Вдруг появилось недоброе предчувствие. В тревоге я быстро сообразил, что причина простая: на середине тротуара я мешал прохожим, и они на меня оглядывались. Я придвинулся к стене ДК и продолжал стоять как вкопанный. Меня согревало особое тепло от спектакля. Он напомнил мне прочитанную еще до школы книгу Алексея Толстого «Золотой ключик» - и ее страницы вставали перед глазами. По привычке, я прикладывал книжные знания к родному городу и искал место, где бы в нем мог быть тот «чудной красоты кукольный театр», который герои отыскали в самом конце повествования. Я увидел удивительное: для него подходили все купеческие и дворянские дома, которые уходили к горизонту по улице направо и к реке вниз по спуску. Кроме них, в городе ничего не видно красивого. Каждый дом приковывал к себе внимание башнями на крыше, или резьбой на фронтоне, или стройными колонными на фасаде. Но он – не мешал красоте других зданий, не подавлял ее. Старинные дома, как и современные горожане, существуют в мире и согласии.

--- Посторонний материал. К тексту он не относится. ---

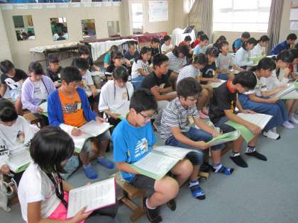 連合運動会で歌う曲を練習しています。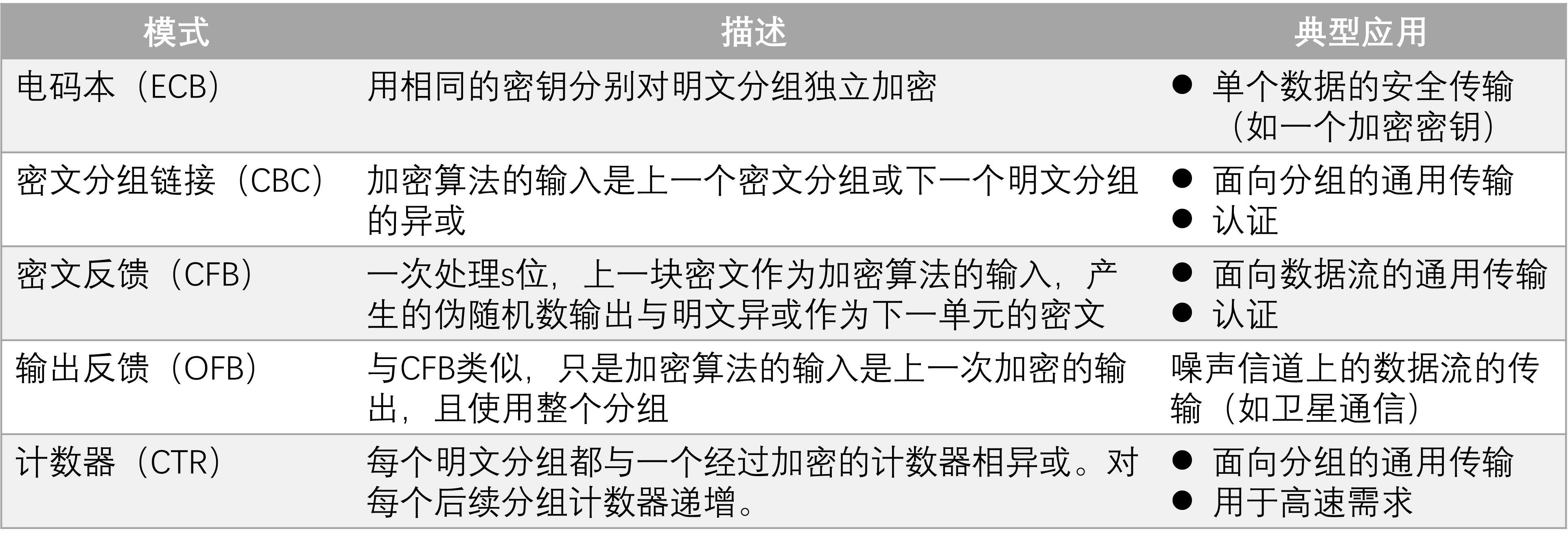 分组密码算法每次只能处理特定长度的一块数据,实际上明文的长度通常都不是固定的,因此需要对明文进行分块,用分组密码进行迭代处理,最终将明文全部加密。具体的迭代模式就是分组密码的工作模式。NIST 定义了分组密码的五种“工作模式”,覆盖了大量使用分组密码的应用。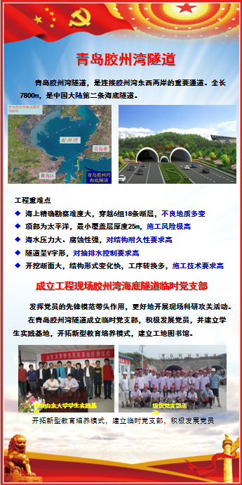 岩土中心的科研项目遍及全国各地,为加强党对师生科研的领导作用,在项目实地设立有临时党支部。本次党员活动室的展板活动依托胶州湾海底隧道工程、新疆某引水工程、华润水泥(平南)治水工程和广西岑水高速均昌隧道,展示党小组在工程现场的战斗堡垒作用。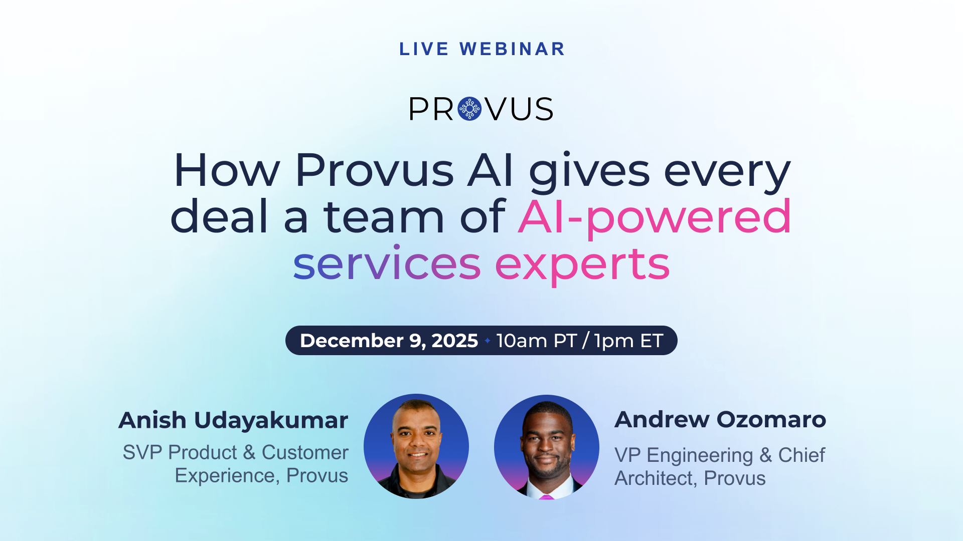 In a recent webinar, Anish Udaykumar, SVP of Product Management and Customer Experience at Provus, and Andrew Ozomaro, VP of Engineering and Chief Architect, shared how Provus AI was built to support sellers directly in the flow of work by embedding agentic AI into services quoting.

И тут меня пихнули в плечо.
– Ты чего хорошего там нашел? Квартиру что ли какую обчистить задумал? – раздался хрипловатый голос деда Белова. Реплика была настолько нелепой, что я не посчитал нужным на нее отвечать. Наверное, это было большой ошибкой. Возникшая рядом с дедом бабушка Валя стала уверять его в правильности предположения:
- Он мать решил осрамить. На него и так уж все прохожие оглядываются. Сестра в школе на уроках, а он тут такое замышляет! Пойдем, пойдем от него, грубияна молчащего, пойдем подальше от греха.
- Он учится или нет? – задал ей странный вопрос дед. – Небось, никому не хочет подчиняться. Растет попусту, как трава сорная, без пригляда нашего.
- Даже думать об этом не хочу! – взволнованно потянула его за рукав Валя. Дед тут же полетел за ней, как легкое куриное перышко. Валя толкала тачку, дно которой было устлано луковой шелухой. «На базар ходили, торгаши», – только и подумал я и забыл о Беловых тут же. Ведь и мне пора домой.
Я самостоятельно планировал свои дни. Центр города был в полутора километрах от нашей окраины. Каждый день я пешком преодолевал это расстояние дважды: из дома в школу и обратно. В непогоду дожидался автобуса, втискивался, ехал в духоте и давке. Пообедав, дома садился за уроки. Потом отыскивал сверстников, способных к согласованным действиям, знавшим в них свое место, и играл с ними на опушке леса в футбол, в прятки, в войну – да мало ли во что. Поздно вечером, если отец был трезв, смотрел, как он в сарае мастерит что-то при электрическом свете, проведенном сюда им тайком от всех. Правда, в этом сентябре он напивался вдрызг уже три раза – его приносили на руках работавшие с ним люди и укладывали спать. А я читал книги запоем.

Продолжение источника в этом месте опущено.